The Standards for Mathematical Practice focus on the nature of the learning experiences by attending to the thinking processes and habits of mind that students need to develop in order to attain a deep and flexible understanding of mathematics. Certain tasks lend themselves to the demonstration of specific practices by students. The practices that are observable during exploration of a task depend on how instruction unfolds in the classroom. While it is possible that tasks may be connected to several practices, the commentary will spotlight one practice connection in depth. Possible secondary practice connections may be discussed but not in the same degree of detail.
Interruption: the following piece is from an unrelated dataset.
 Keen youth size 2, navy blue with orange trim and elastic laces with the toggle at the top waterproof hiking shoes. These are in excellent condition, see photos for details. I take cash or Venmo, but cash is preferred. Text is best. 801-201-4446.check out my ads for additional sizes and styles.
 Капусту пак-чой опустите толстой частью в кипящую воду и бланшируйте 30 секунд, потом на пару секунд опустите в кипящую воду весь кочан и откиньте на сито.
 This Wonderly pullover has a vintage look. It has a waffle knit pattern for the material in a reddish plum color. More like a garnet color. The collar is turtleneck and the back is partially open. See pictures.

This task helps illustrate Mathematical Practice Standard 6, “Attend to precision.” This task provides an opportunity to discuss the accuracy of these calculations and an appropriate level of precision. For example, it is obviously not possible to count the total number of ants in the world at any given moment, nor is it feasible to weigh every adult human. Similarly, the numbers in the task statement make heavy use of "averages" (implicit and unstated is that these averages are mean values, bringing an opportunity to discuss precision in mathematical terminology), a process which inherently raises questions -- were children included in the average human mass calculation? How would their exclusion affect the conclusion? Questions of this form abound, and their analysis fosters critical thinking skills. 
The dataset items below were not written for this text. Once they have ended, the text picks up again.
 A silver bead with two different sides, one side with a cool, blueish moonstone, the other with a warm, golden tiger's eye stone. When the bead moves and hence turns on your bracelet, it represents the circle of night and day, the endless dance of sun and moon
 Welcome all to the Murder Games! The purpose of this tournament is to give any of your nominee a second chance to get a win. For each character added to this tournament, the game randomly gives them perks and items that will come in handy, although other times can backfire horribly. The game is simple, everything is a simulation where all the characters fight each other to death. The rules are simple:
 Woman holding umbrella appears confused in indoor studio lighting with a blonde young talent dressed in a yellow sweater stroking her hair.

Students engage in MP.6 by communicating precisely to others using scientific and/or decimal notation, accurate metric labeling, and mathematical terminology. First, students determine the unit of measure that would be most accurate and appropriate to compare the total mass of living ants to the total mass of all living humans, grams or kilograms.  Once they determine the appropriate unit of measure, then they use scientific notation to find the approximate total mass of all ants and all humans. This process emphasizes precision once again by centering on the accuracy of these calculations and on the appropriate level of precision that is required in this context.  
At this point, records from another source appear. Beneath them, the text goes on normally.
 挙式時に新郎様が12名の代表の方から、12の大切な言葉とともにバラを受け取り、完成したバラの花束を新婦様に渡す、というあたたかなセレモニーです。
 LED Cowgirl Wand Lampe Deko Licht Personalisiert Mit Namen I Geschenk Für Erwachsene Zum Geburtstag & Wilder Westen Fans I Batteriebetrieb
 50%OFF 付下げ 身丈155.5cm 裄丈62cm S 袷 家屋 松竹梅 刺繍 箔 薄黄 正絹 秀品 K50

We are told the total number of ants in the world is about 10,000 trillion or $10,000 \times 10^{12} = 10^4 \times 10^{12} = 10^{16}$ ants. In addition, the average mass of a single ant is $4 \times 10^{-3}$ grams. Thus, the approximate total mass of all ants in the world is $$ \left( 4 \times 10^{-3} \text{g} \right) \left(10^{16}\right) = 4 \times 10^{-3+16} \text{g} = 4 \times 10^{13} \text{g.}$$

The mass for humans is given in kilograms while the mass for ants is in grams. We convert the unit of mass for a human to grams as follows, $$\left(65 \text{kg}\right) \left(\frac{10^3 \text{g}}{1 \text{kg}} \right) = \left( 65 \times 10^3 \right) \text{g} = \left(6.5 \times 10^1 \right) \left(10^3 \right) \text{g} = 6.5 \times 10^{1+3} \text{g} = 6.5 \times 10^4 \text{g.}$$ Since there are 6.84 billion humans on earth, the total mass of all humans on earth can be approximated as

\begin{align} \left( 6.5 \times 10^4 \text{g} \right) \left(6.84 \ \text{billion} \right) &= \left( 6.5 \times 10^4 \text{g} \right) \left(6.84 \times 10^9 \right)\\ &= \left( 6.5 \times 6.84 \right) \left(10^4 \times 10^9 \right) \text{g}\\ &= 44.46 \times 10^{4+9} \text{g}\\ &= \left(4.446 \times 10^1\right) \times 10^{13} \text{g}\\ &= 4.446 \times 10^{14} \text{g.} \end{align}

Thus, the total mass of all humans in the world is greater than the total mass of all ants in the world. In fact, the calculations above show the total mass of all humans in the world is about 10 times the total mass of all ants.

Jack says:

about 1 month

Additionally, it says "the total" twice in a row which oddly my eyes tend to skip over autonomically as if it were some sort of brain teaser.

Jack says:

about 1 month

The average mass of an adult human is given. However, the first question asks about the total mass of all living humans. Since not all humans are adult humans, I believe I don't have enough information to answer this correctly. (But I definitely could be mistaken)

Bridget Dunbar says:

over 4 years

Just checking...but should the second line of the solution say: 10,000 x 10^9 = 10^4 x 10^9 = 10^13 ants???

Kristin says:

over 4 years

It did have a typo; it's fixed now. Thanks!